What your privacy tools miss.

A woman living in London with 101 black and white dogs. No direct identifiers. No regex match. No named entity. Anyone who has ever seen a Disney film can identify her. This is the category of sensitive data that redaction, tokenisation, and conventional DLP tools cannot see. It is the category Presential was built to catch.

What counts as PII, and what doesn’t.

Direct identifiers are easy. Names, addresses, national insurance numbers, phone numbers, email addresses, account numbers. Regulations define them. Regex catches them. Any competent DLP tool finds them.

Indirect identifiers are harder. A postcode plus a date of birth. A medical condition plus an age band. These don’t identify a person on their own. Combined, they reidentify individuals with surprising accuracy.

Circumstantial identifiers are hardest of all. A narrative detail that pins identity without naming anyone. A description of an event so unusual that only one person could be the subject. A pattern of facts that reveals who you’re reading about to anyone with enough context. A small-sample event, like an in-game medical emergency or a rare diagnosis, that identifies the individual the moment the incident is described.

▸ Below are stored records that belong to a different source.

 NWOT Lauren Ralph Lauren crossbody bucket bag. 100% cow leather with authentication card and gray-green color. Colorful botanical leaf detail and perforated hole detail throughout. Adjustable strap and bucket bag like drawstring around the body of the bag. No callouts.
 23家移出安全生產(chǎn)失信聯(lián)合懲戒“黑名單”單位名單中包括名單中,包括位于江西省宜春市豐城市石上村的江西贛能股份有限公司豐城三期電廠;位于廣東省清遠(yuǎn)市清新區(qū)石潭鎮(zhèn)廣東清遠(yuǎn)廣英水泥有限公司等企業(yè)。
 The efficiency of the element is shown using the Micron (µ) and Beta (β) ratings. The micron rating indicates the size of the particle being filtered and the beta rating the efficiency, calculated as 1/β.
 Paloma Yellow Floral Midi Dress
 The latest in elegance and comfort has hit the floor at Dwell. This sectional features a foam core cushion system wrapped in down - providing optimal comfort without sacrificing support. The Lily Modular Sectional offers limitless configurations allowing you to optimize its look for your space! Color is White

Why redaction and tokenisation fail.

A redaction tool scans for patterns. It finds a name and replaces it with [NAME-1]. It finds an account number and replaces it with [ACCOUNT-1]. Anything it doesn’t recognise as a pattern, it leaves intact.

A tokenisation tool replaces known entities with opaque identifiers. Same strength. Same weakness. The category of data it doesn’t know to protect stays fully exposed.

Neither approach sees a woman in London with 101 dogs. The quasi-identifier pattern is invisible to regex and to the named-entity models most DLP tools are built on. A combination of postcode, age, and job title identifies one specific employee without any of those three fields being flagged as sensitive in isolation. A sentence where the event itself is the identifier, like a heart attack during a specific televised match, cannot be anonymised by removing names.

These aren’t edge cases. In clinical notes, legal filings, complaint records, and performance reports, the most commercially valuable data is precisely the contextual narrative that conventional tools cannot redact without destroying.

What Presential sees.

Presential’s detection is trained on the full range of identifiability. Direct identifiers. Combinations of indirect identifiers that become identifying at a threshold. Circumstantial narrative that pins identity without any single field being sensitive. Small-sample events that cannot be stripped of PII because the event is itself the PII.

Where conventional tools report a clean scan, Presential reports what the document actually reveals. Where conventional tools replace a name with a placeholder, Presential replaces a narrative pattern with a different but semantically equivalent one. The downstream AI sees a coherent story. The original identities are gone.

The boundary that actually matters.

The line between “safe to send” and “privacy breach” isn’t drawn by whether names were removed. It’s drawn by whether identification is possible. Every privacy tool on the market is built around the first definition. Presential is built around the second.

If you’ve tried a DLP or redaction tool and found it insufficient, this is usually why.